The front sections introduce the reader to Asia's climate, geography and bird habitats. Not always found in site guides, is a useful overview to the families of birds found in the region.  For example, one learns that 7 species of megapodes, 105 pigeons and doves, 68 owls, 11 frogmouths, 11 nightjars, 45 kingfishers, 27 species of hornbills, etc. are found in the region. Each country has a map marked with the handful of chosen sites with a brief overview of travel practicalities of climate, health and safety logistics. The birdwatching highlights and the key facts box (number of endemics, number of birds in country list and top 5 birds) is a useful introduction to anyone who has not birded in that country. The site accounts also have boxed key facts and a high level local orientation map. The access & accommodation is clearly written by people who visit these sites and provide a useful baseline for further research using trip reports. I have learnt to be wary of any information published by local tourist authorities. Therefore, books like this and trip reports by people who have been actually out in the field are necessary for serious birders and photographers in planning their own trips. Although it is billed as a guide to the top 100 birdwatching sites, needless to say, this will apply to wildlife in general.

The end sections include an index to help locate species and sites. It also has a list of tour operators. I would have liked to have seen a bigger list arranged by country and those that operate regionally. Internet searches can be hit and miss in finding suitable tour operators. This is another reason why trip reports with recommendations are useful. Another good source of finding out specialist tour operators are the advertisements in the publications of regional bird clubs such as the Oriental Bird Club, African Bird Club, Neotropical Bird Club and the Ornithological Society of the Middle East.
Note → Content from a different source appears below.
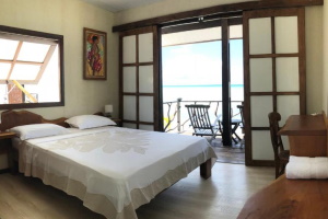 Seaview Bungalow: This bungalow, set slightly apart from the main house, is located on the lagoonfront with a white sandy beach just in front. The cosy interior features a king-size bed and a private bathroom with hot water. Ideal for couples.

At the start I said this is not a coffee table book. However, it has plenty of beautiful images of highly desirable birds to want you to go out to the wilderness areas of Asia. It is also laid out professionally with a design that makes navigation intuitive. It makes good use of space to pack in a lot of content without it feeling busy or too crammed. It's a very different product to some of the self-published site guides (not to take away from them as these are helpful too). What is perhaps not obvious to the untrained eye is that a book like this brings together a few hundred man-years of field time. Hopefully the publisher will extend this approach to other geographical regions. The obvious audience for the book is birders and wildlife photographers. But it will I am sure, also be a helpful resource for travel industry personnel in mainstream as well as nature specialist companies both in-country and overseas. The appetite for travel to the wilderness is growing and many mainstream tour operators may want to fit in an element of wildlife tourism into a standard cultural or round-trip tour. This book will provide ideas of what is possible and build a connection between mainstream travel and the more specialist birding and wildlife tours. As I mentioned before this can only be a good thing for the specialists who will benefit from an enhanced infrastructure. We see this even in the G7 countries such as the in the UK. The London Wetland Centre is a superb example of a prime nature reserve which is possible only because a huge volume of ordinary visitors generate the cash flow to maintain a nature reserve which is a jewel for birders and photographers.

 
So in conclusion, not a coffee table book, but a well-designed, fairly compact, fact packed guide to whet your appetite and give you the confidence to explore Asia's biodiversity whether you are a visitor or local to the region.